Zero-shot Voice Conversion with Diffusion Transformers
Songting Liu
TL;DR
Seed-VC tackles zero-shot voice conversion by addressing timbre leakage, timbre representation, and training–inference misalignment. It introduces an external timbre shifter during training and employs a diffusion transformer that uses the full reference context to capture fine-grained timbre features. The framework achieves state-of-the-art performance on zero-shot spoken VC against strong baselines and extends to zero-shot singing VC with F0 conditioning, maintaining high speaker similarity and intelligibility. Ablation and qualitative analyses highlight the benefits of timbre shifting, full-reference context, and robust timbre representation for generalization to unseen speakers and singing voices.
Abstract
Zero-shot voice conversion aims to transform a source speech utterance to match the timbre of a reference speech from an unseen speaker.

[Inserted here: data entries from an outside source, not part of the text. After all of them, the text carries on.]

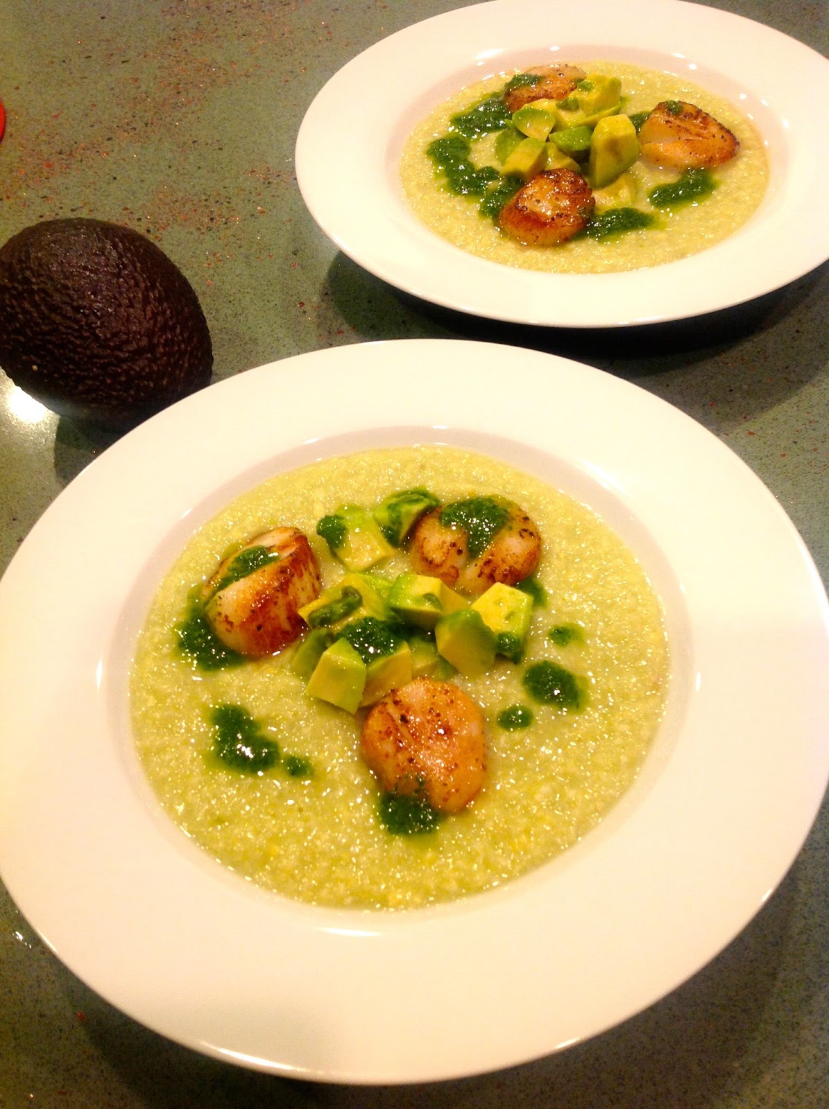 Serve the soup with avocado and the cilantro oil drizzled over the top. As you can see from the photo, I served it topped with seared scallops. Grilled shrimp would be equally fantastic!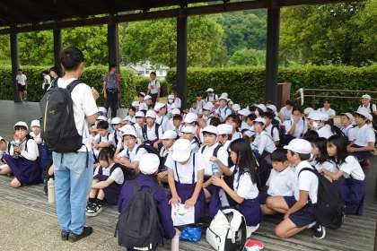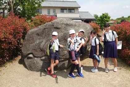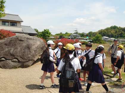 ちょうど中間地点くらいの明日香村川原にある石造物「亀石」を他校の友達とも一緒に見学しました。歴史を学習する6年生は、飛鳥に来ることが多いのでしょうね。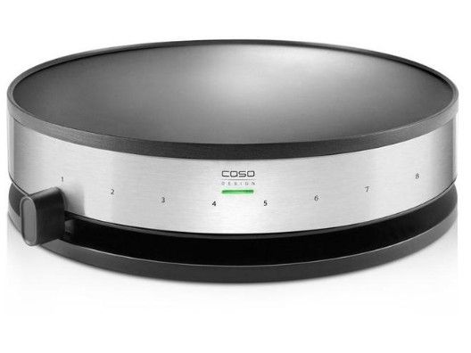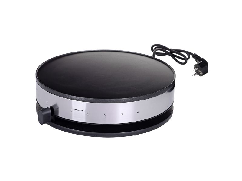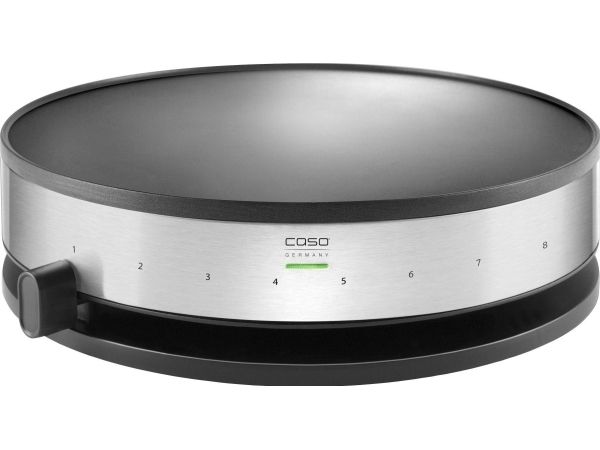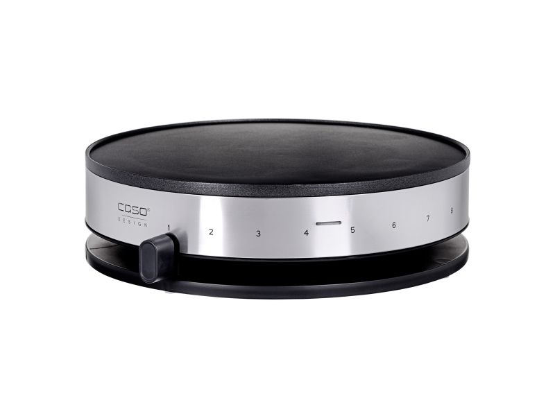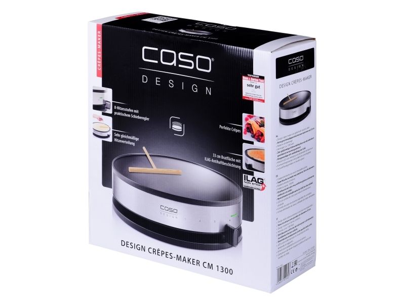 - Design Crêpes-Maker with brushed stainless steel housing. - Extra-large cooking surface 33cm in diameter. - Modern cylinder design. - Output: approx. 1300 Watt. - Even heat distribution through sub-soldered heating element. - High-quality ILAG non-stick coating. - Colour-changing LED to display temperature reached. - 8 heat stages with practical slide controls. - Batter spreader and wooden crêpes turner included.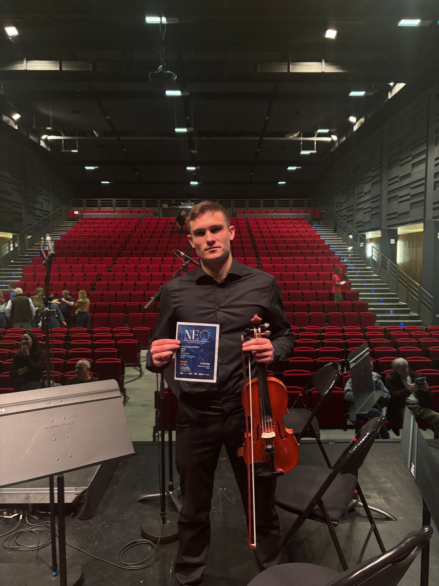 Staņislava Broka Daugavpils Mūzikas vidusskolas 3 jaunieši un 2 pedagogi no š.g. 27.oktobra līdz 2.novembrim devās uz Vjennu, Francijā, lai piedalītos unikālā projektā – Eiropas jauniešu orķestrī (NEO-NEW EUROPEAN ORCHESTRA). Ideja dzimusi pirms dažiem gadiem – sabraukt kopā uz mēģinājumiem uz nedēļu Eiropas talantīgākajiem jaunajiem mūziķiem, kas mācās profesionālajās mūzikas skolās, un pēc nedēļas kopīga darba nospēlēt klasiskās simfoniskās mūzikas koncertus. Analogs projekts jau ir noticis, tādēļ šī gada pasākums jau bija ar zināmu pieredzi un ideju. Protams, vispirms notika dalībnieku atlase, kur bija jāsūta video ar sava mūzikas instrumenta izpildījumu. Lepojamies, ka visus, Staņislava Broka Daugavpils Mūzikas vidusskolas pieteiktos jauniešus, atlasīja! Pēc tam tika izsūtītas notis un notika patstāvīgs attālināts darbs ar franču un Eiropas klasiķu repertuāru. Tā radās orķestris, kurš sastāvēja no Eiropas deviņu valstu jauniešiem un pedagogiem: 63 izglītojamie, 20 skolotāji, 12 pavadošie skolotāji.

Traditional approaches struggle with timbre leakage, insufficient timbre representation, and mismatches between training and inference tasks. We propose Seed-VC, a novel framework that addresses these issues by introducing an external timbre shifter during training to perturb the source speech timbre, mitigating leakage and aligning training with inference. Additionally, we employ a diffusion transformer that leverages the entire reference speech context, capturing fine-grained timbre features through in-context learning. Experiments demonstrate that Seed-VC outperforms strong baselines like OpenVoice and CosyVoice, achieving higher speaker similarity and lower word error rates in zero-shot voice conversion tasks. We further extend our approach to zero-shot singing voice conversion by incorporating fundamental frequency (F0) conditioning, resulting in comparative performance to current state-of-the-art methods. Our findings highlight the effectiveness of Seed-VC in overcoming core challenges, paving the way for more accurate and versatile voice conversion systems.